• Task directions:
An exact transcription of the entries is required, with no images included.

Collected data
════════════════════

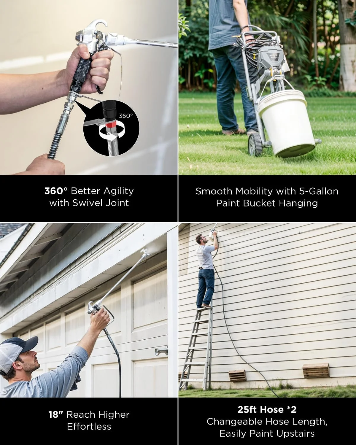 - Tackle multi-story homes with ease using the two connectable 25-foot hoses, which allow the sprayer to support up to 100 feet of paint hose, and reduce strain on your back with the included 18-inch tip extension.
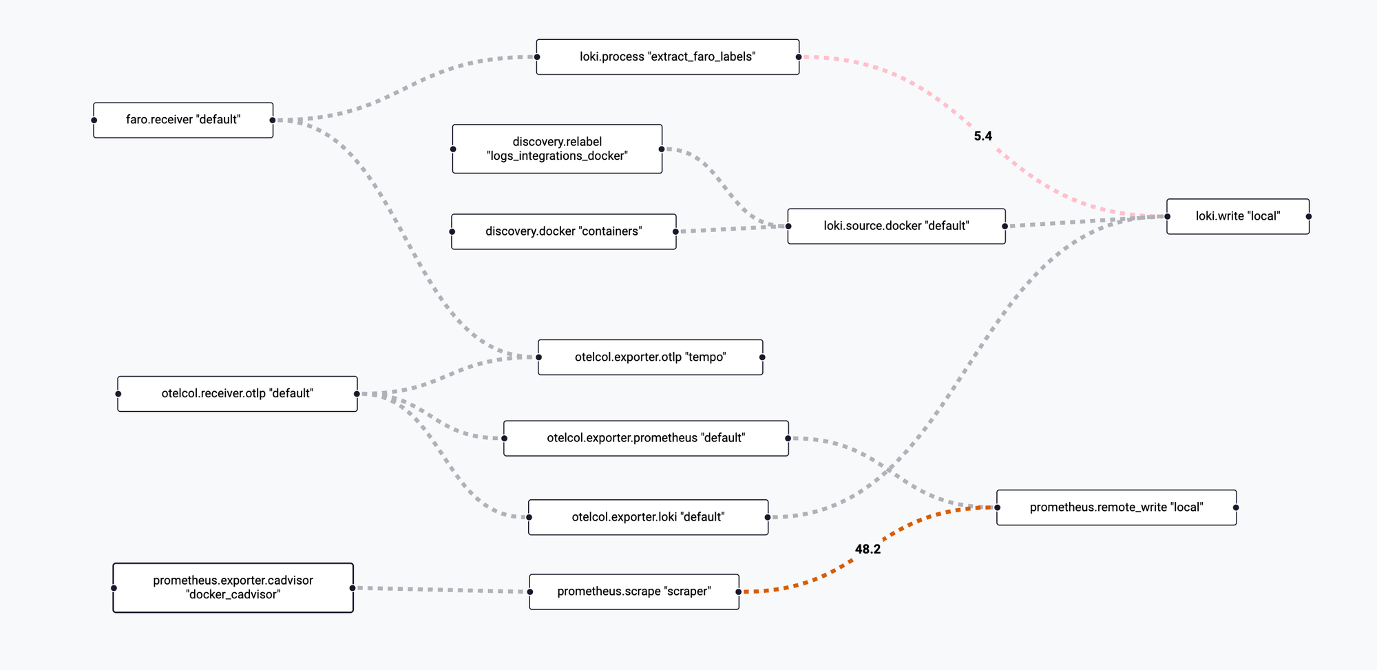 This stack doesn't stop at backend telemetry. Faro sends browser events, Web Vitals, errors, performance metrics, and navigation data to Alloy → Loki → Grafana.
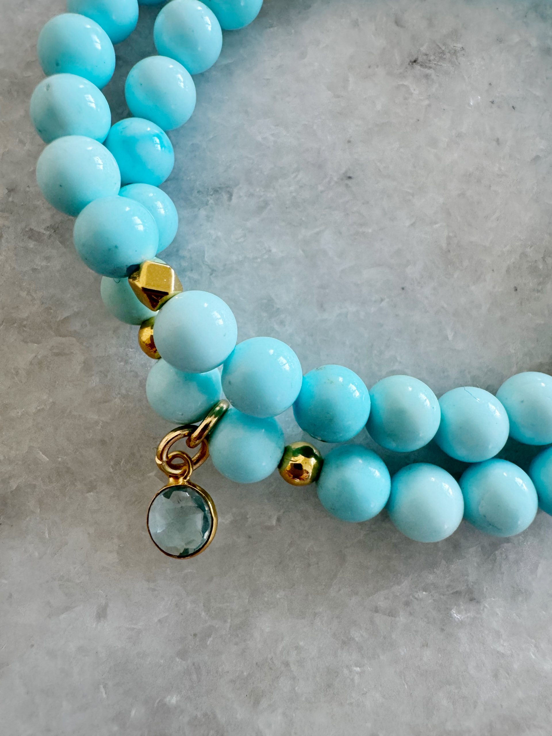 Winter is coming: Eisig hellblaue Jade-Perlen im Zweier-Set. Dazu passen goldene Details, ein Plättchen-Charm und ein Anhänger aus Chalcedon.
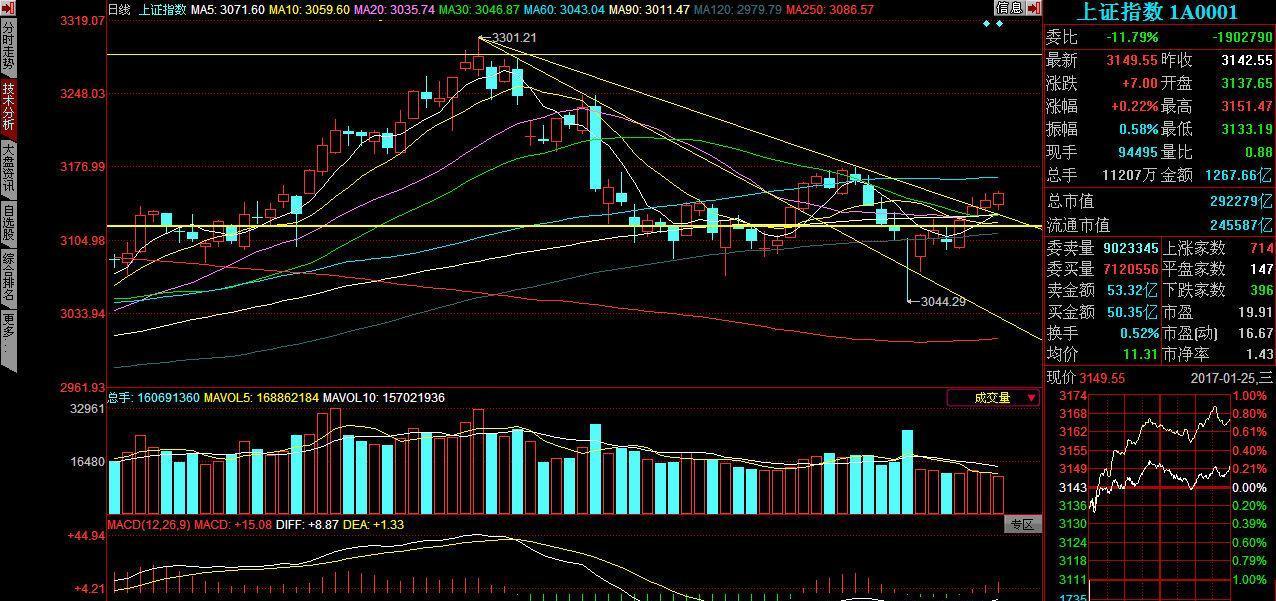 4、K线综述:从上证综指看,主板维持前期观点不变,即3170的理论目标指引着方向,由于成交量出现节日萎靡尚属正常,从日线图看短线均线系统有助涨趋势,结合成交量萎缩,明日收阳概率依旧较高,且幅度可能高于今日,主板建议中仓甚至高仓过年;创业板秉持前期观点中期底部远未出现,1900附近压力较大,1950附近压力巨大,短线看,继续低位横盘小阳概率较大,但是操作难度较高,创业板建议低配甚至不配过年。
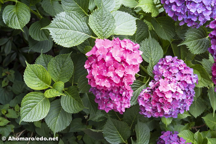 菖蒲園に向かう路地には、あじさいが満開でしたよ。

════════════════════

• Solution for this problem:
 - Tackle multi-story homes with ease using the two connectable 25-foot hoses, which allow the sprayer to support up to 100 feet of paint hose, and reduce strain on your back with the included 18-inch tip extension.
 This stack doesn't stop at backend telemetry. Faro sends browser events, Web Vitals, errors, performance metrics, and navigation data to Alloy → Loki → Grafana.
 Winter is coming: Eisig hellblaue Jade-Perlen im Zweier-Set. Dazu passen goldene Details, ein Plättchen-Charm und ein Anhänger aus Chalcedon.
 4、K线综述:从上证综指看,主板维持前期观点不变,即3170的理论目标指引着方向,由于成交量出现节日萎靡尚属正常,从日线图看短线均线系统有助涨趋势,结合成交量萎缩,明日收阳概率依旧较高,且幅度可能高于今日,主板建议中仓甚至高仓过年;创业板秉持前期观点中期底部远未出现,1900附近压力较大,1950附近压力巨大,短线看,继续低位横盘小阳概率较大,但是操作难度较高,创业板建议低配甚至不配过年。
 菖蒲園に向かう路地には、あじさいが満開でしたよ。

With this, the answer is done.